The input START

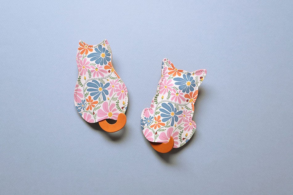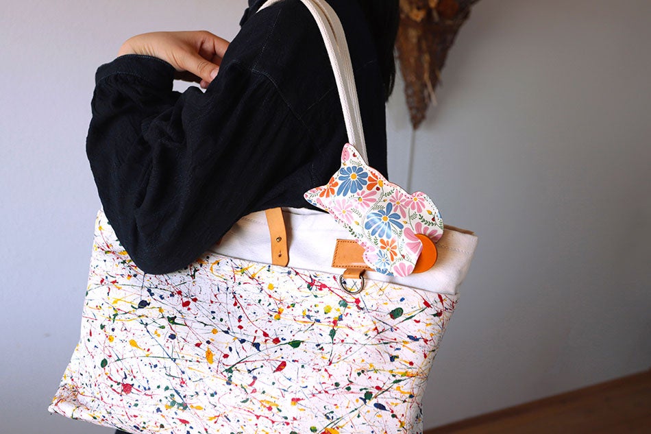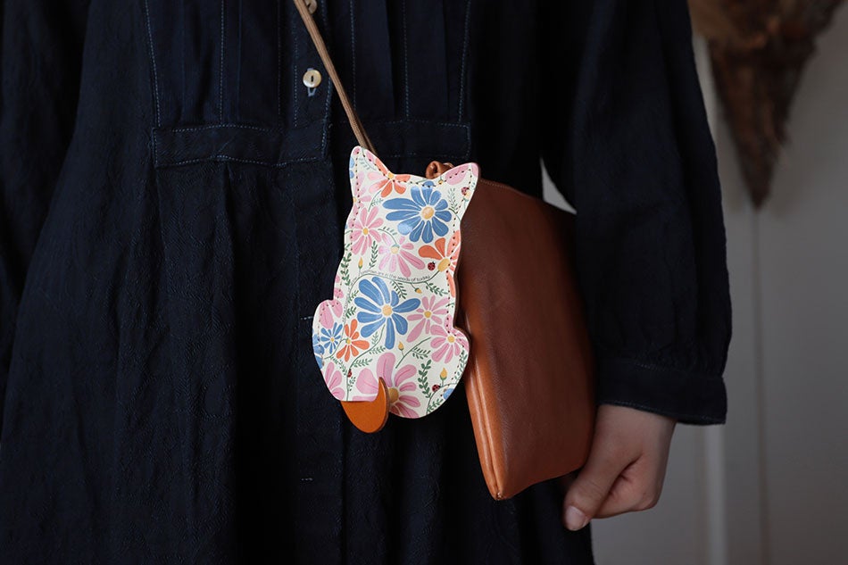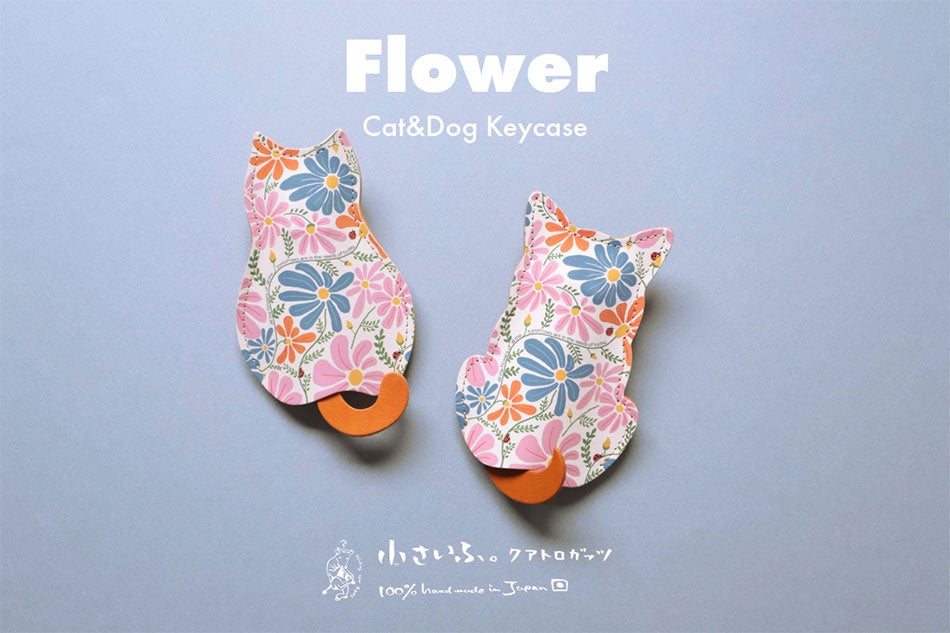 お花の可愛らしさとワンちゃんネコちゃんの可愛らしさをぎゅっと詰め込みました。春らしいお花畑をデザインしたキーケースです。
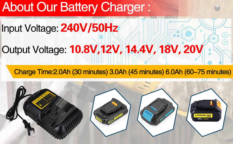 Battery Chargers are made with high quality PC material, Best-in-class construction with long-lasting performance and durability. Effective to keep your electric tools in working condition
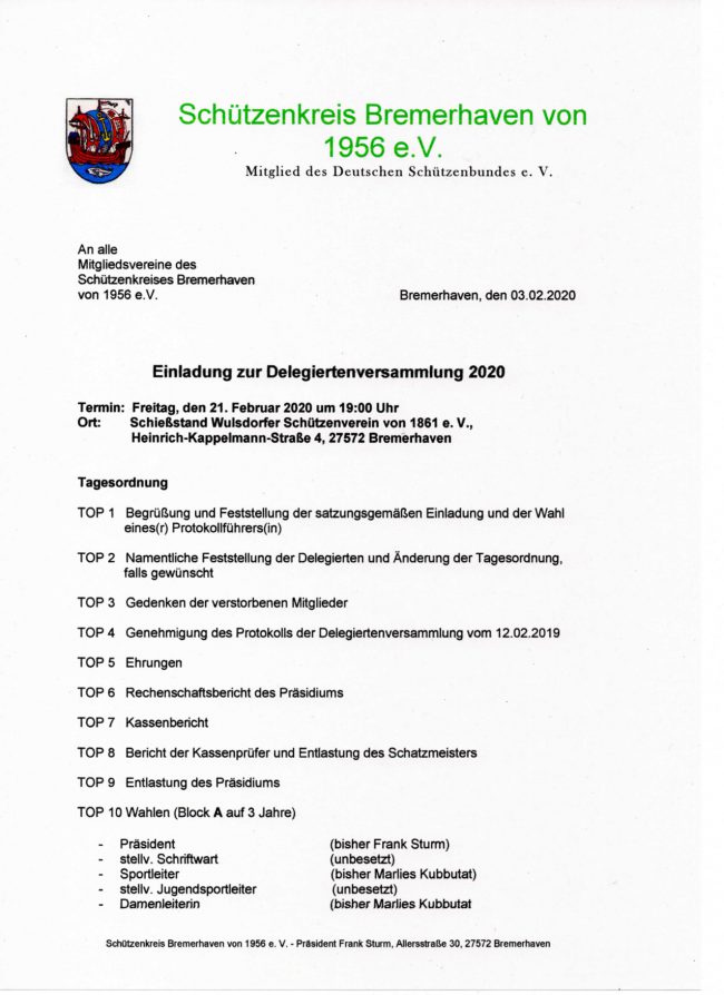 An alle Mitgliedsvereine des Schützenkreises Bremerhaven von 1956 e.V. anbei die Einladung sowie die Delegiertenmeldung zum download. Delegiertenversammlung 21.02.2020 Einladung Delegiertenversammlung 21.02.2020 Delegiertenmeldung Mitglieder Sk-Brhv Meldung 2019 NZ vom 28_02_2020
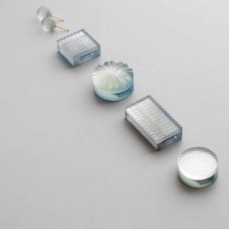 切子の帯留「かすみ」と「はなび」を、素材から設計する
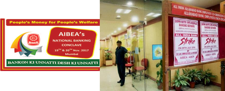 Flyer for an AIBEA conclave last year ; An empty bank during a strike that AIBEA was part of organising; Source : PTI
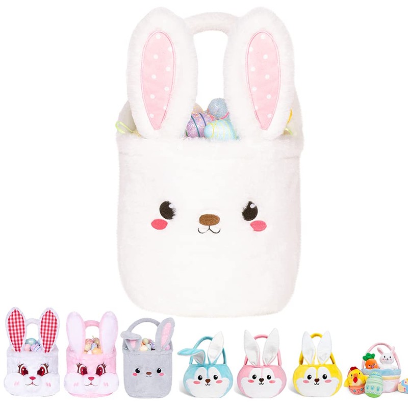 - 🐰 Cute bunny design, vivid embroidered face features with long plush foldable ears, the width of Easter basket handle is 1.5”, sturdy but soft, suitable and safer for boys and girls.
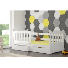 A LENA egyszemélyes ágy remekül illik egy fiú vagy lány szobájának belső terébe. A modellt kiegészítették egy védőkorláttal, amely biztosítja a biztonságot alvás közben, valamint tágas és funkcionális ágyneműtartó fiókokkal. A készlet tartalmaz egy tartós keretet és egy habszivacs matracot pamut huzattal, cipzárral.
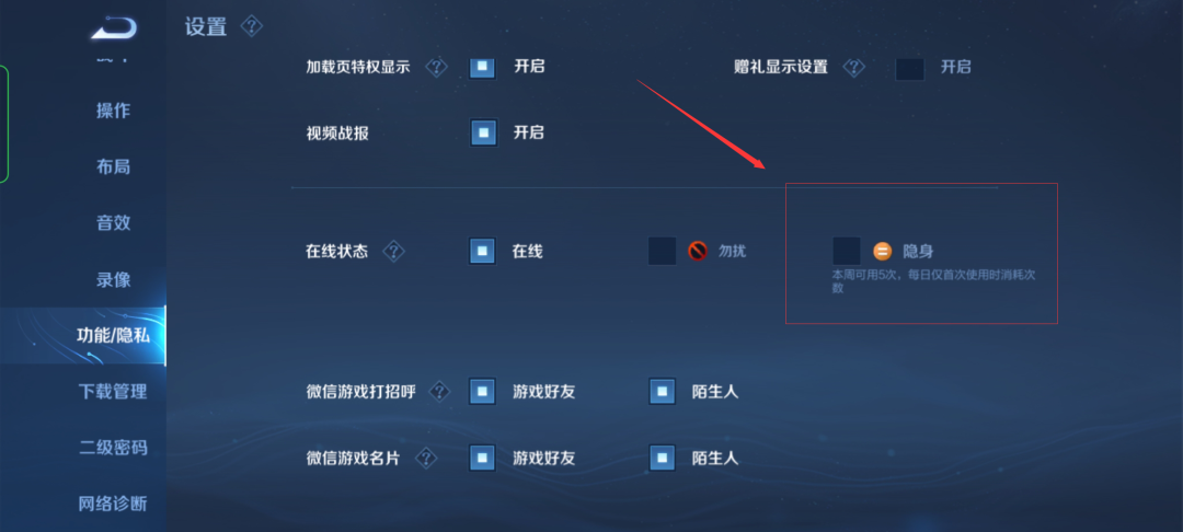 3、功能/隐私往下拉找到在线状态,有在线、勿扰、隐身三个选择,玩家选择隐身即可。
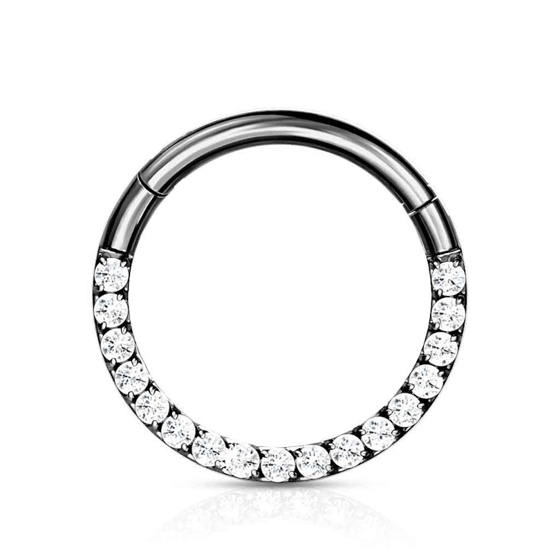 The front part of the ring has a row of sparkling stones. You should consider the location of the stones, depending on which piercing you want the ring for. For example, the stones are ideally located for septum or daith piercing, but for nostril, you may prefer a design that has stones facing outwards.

The input END
The input START

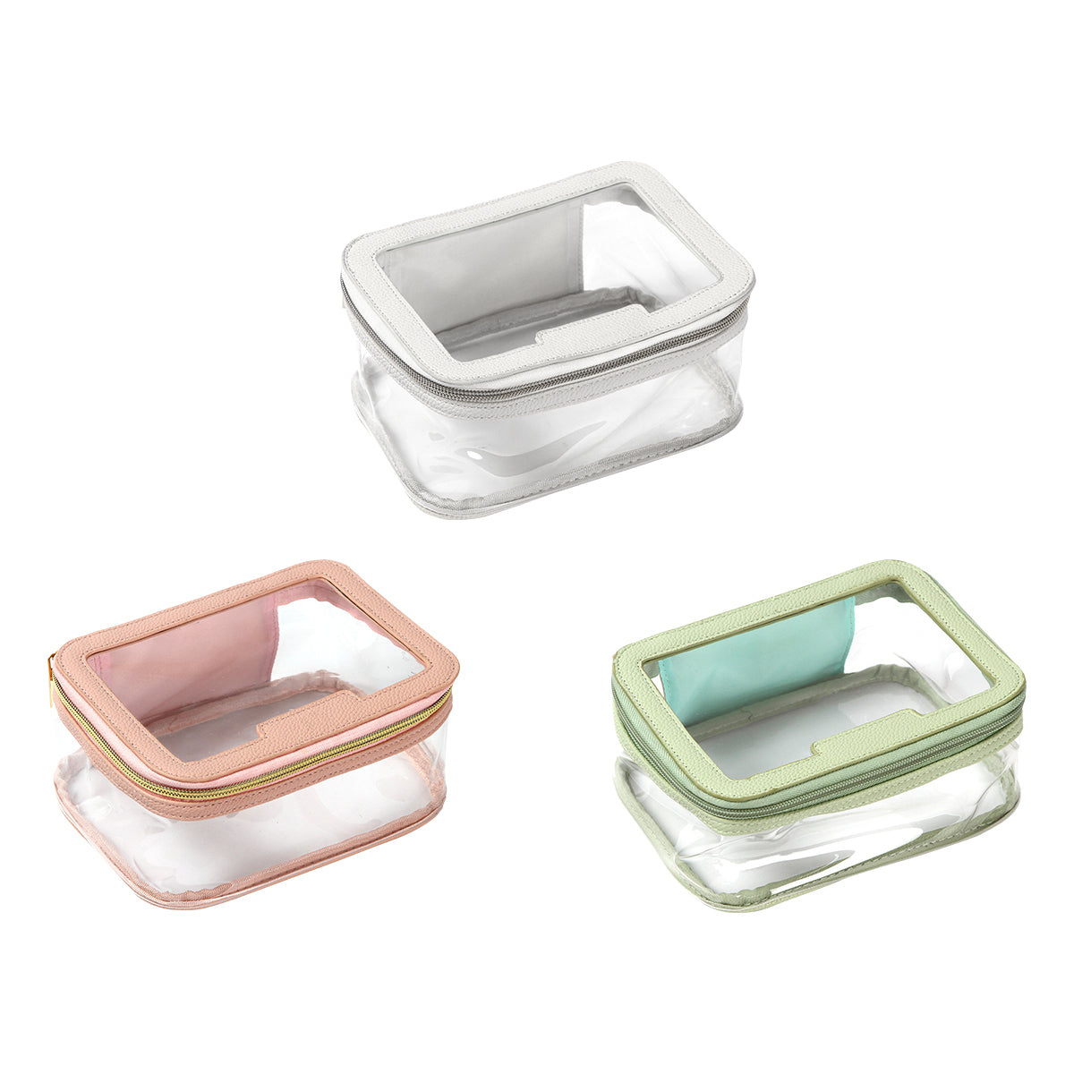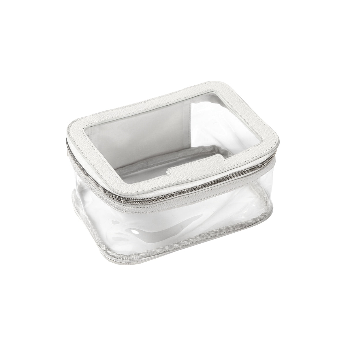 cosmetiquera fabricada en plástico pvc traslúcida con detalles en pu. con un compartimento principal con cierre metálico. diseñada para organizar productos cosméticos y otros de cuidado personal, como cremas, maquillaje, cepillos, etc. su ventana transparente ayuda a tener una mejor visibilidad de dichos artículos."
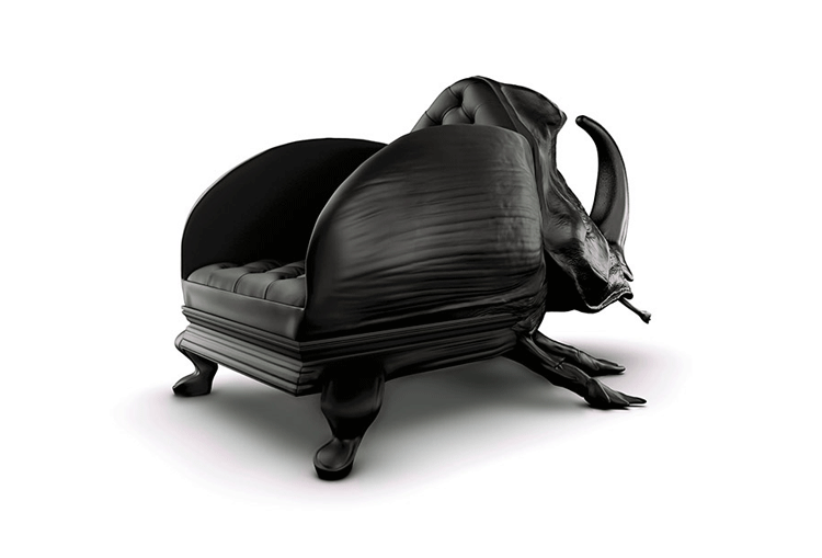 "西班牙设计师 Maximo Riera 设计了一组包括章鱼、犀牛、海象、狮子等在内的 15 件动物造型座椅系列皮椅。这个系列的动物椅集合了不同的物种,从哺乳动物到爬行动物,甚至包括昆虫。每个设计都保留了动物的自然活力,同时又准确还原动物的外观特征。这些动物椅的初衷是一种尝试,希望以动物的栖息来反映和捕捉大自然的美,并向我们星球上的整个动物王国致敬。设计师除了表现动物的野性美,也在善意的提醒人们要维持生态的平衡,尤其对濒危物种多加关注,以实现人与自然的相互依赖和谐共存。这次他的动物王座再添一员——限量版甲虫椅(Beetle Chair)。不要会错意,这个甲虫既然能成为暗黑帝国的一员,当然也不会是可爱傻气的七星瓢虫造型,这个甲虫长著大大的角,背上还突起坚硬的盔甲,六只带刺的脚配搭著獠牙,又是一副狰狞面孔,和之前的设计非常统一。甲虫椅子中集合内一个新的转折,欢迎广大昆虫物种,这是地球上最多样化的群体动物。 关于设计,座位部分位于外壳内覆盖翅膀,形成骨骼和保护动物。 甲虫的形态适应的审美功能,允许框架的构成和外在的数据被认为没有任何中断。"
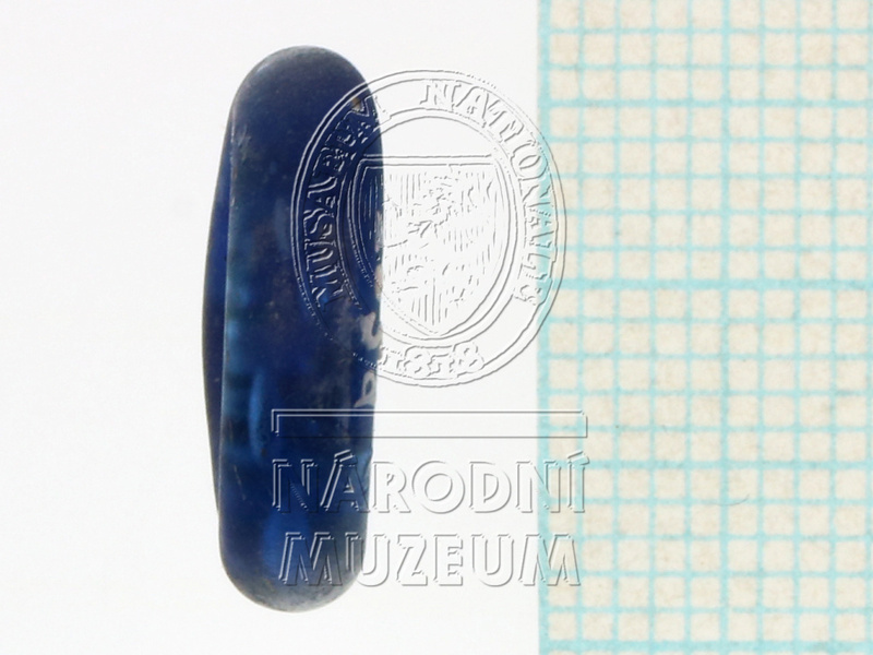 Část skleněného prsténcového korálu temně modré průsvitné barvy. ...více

The input END

Assignment:
Go back to the lines above and output, exactly as they stand, the ones from the line containing "Maximo Riera 设计了一组包括章鱼、犀牛、海象、狮子等在内的" to the line containing "Část skleněného prsténcového". Leave all pictures behind.

Response to this task:
 "西班牙设计师 Maximo Riera 设计了一组包括章鱼、犀牛、海象、狮子等在内的 15 件动物造型座椅系列皮椅。这个系列的动物椅集合了不同的物种,从哺乳动物到爬行动物,甚至包括昆虫。每个设计都保留了动物的自然活力,同时又准确还原动物的外观特征。这些动物椅的初衷是一种尝试,希望以动物的栖息来反映和捕捉大自然的美,并向我们星球上的整个动物王国致敬。设计师除了表现动物的野性美,也在善意的提醒人们要维持生态的平衡,尤其对濒危物种多加关注,以实现人与自然的相互依赖和谐共存。这次他的动物王座再添一员——限量版甲虫椅(Beetle Chair)。不要会错意,这个甲虫既然能成为暗黑帝国的一员,当然也不会是可爱傻气的七星瓢虫造型,这个甲虫长著大大的角,背上还突起坚硬的盔甲,六只带刺的脚配搭著獠牙,又是一副狰狞面孔,和之前的设计非常统一。甲虫椅子中集合内一个新的转折,欢迎广大昆虫物种,这是地球上最多样化的群体动物。 关于设计,座位部分位于外壳内覆盖翅膀,形成骨骼和保护动物。 甲虫的形态适应的审美功能,允许框架的构成和外在的数据被认为没有任何中断。"
 Část skleněného prsténcového korálu temně modré průsvitné barvy. ...více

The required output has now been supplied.